Esta situación implica un formidable desafío. Justamente al prepararnos a la celebración del bicentenario de nuestra Patria debemos hacer un discernimiento profundo de cuanto surge y de cuanto se marchita, de cuanto es signo de salud o de enfermedad, de lo que se quiere alterar o defender, de cuanto se propone y es flor de un día, y de lo que echa raíces y se fortalece. Hay que hacerlo desde nuestro valioso patrimonio cultural, con la madurez de quienes saben lo que buscan y quieren. Hay que hacer este discernimiento con personalidad, en diálogo con quienes intentan globalizar sus proyectos y cosmovisiones, pero sin permitir que nos colonicen ni avasallen, y con la dignidad y la gratitud propias de un pueblo que tiene conciencia de los dones recibidos de Dios.
En esta celebración, que es ante todo una Acción de Gracias, no quisiera referirme a los debates más recientes en el ámbito de valores esenciales, que requieren un replanteamiento que conjugue adecuadamente la justicia, el amor y la sabiduría.
Quisiera proponerles que nuestro Te Deum esté centrado en la gratitud por los grandes dones de Dios que iluminan nuestro presente y que darán aliento, vida, verdad y felicidad al futuro.
Un pueblo sabio e inteligente
Recurramos para ello al texto que escuchamos en la primera lectura. En tiempos antiguos el pueblo de Israel recibió un extraordinario patrimonio espiritual. Moisés tenía plena conciencia de la dignidad de su pueblo: de la alianza que había sellado el Señor con ellos y de los valores que lo distinguían entre todos los pueblos de la región.

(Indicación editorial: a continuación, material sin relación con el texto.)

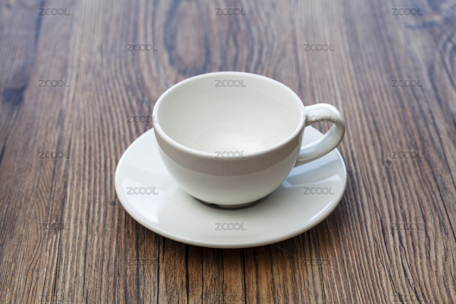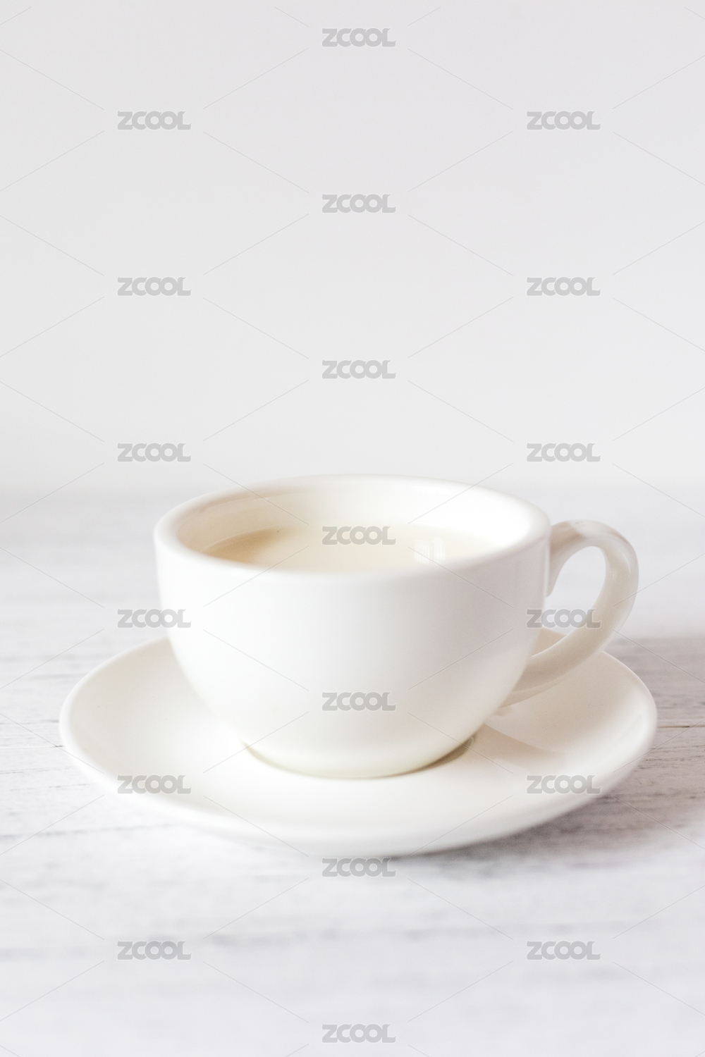 白色木纹桌面上的一个咖啡杯

Lo emocionaba pensar que ninguna otra nación tenía a su Dios tan cerca cuando lo invocaba. Por eso, exhorta al pueblo a escuchar los mandatos y decretos del Señor, sin añadir ni suprimir nada. Les pide que los pongan por obra, porque ellos son su sabiduría y su inteligencia a los ojos de los pueblos, que dirán de ellos: “Esta gran nación es un pueblo sabio e inteligente”, como ningún otro, ya que no hay mandatos y decretos tan justos como los mandamientos que les dio el Señor.
En efecto, no hay un patrimonio espiritual más grande y vivificante, que la revelación viva que un pueblo puede recibir acerca del mismo Dios, y de las relaciones entre sus ciudadanos, que se basan en Él. Es la razón primera de nuestra oración agradecida.
El primer mandamiento
Entre esos mandatos y decretos, el más importante y el que da consistencia a todos los demás, es el amor a Dios. Fue el primer tema del diálogo que escuchamos entre Jesucristo y el experto en las Escrituras. “Amarás al Señor, tu Dios, con todo tu corazón, con toda tu alma y con toda tu mente.” Es el mandamiento que llegó como Buena Noticia a nuestras tierras y que da sentido a la cultura de la inmensa mayoría de los chilenos.

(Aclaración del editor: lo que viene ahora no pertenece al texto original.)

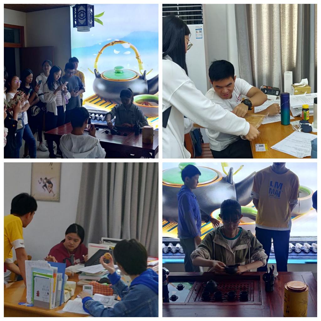 “卧枝开野菊,残枿出秋茶”,在等待月饼出锅的间隙,在茶艺社负责人的带领下,新生前往食品工程学院茶艺室,观赏了茶艺社郑如星的茶艺表演,部分新生磨拳接踵,亲自进行了茶艺体验,享受了一番静谧而新奇的时光。

Moisés pudo proponérselo a los israelitas, porque todos ellos habían experimentado el amor y la predilección de Dios, cuando los sacó de la esclavitud de Egipto; los guió como un Pastor por el desierto, los proveyó de agua y de alimento durante la larga travesía, y puso en su campamento la tienda de la reunión para peregrinar con ellos. Así comprendieron la acción legisladora de Dios, que les entregó sus mandamientos en el Sinaí para que vivieran y fueran felices; como también la acción reconciliadora de Dios, que fue a la vez perdón y cercanía paterna.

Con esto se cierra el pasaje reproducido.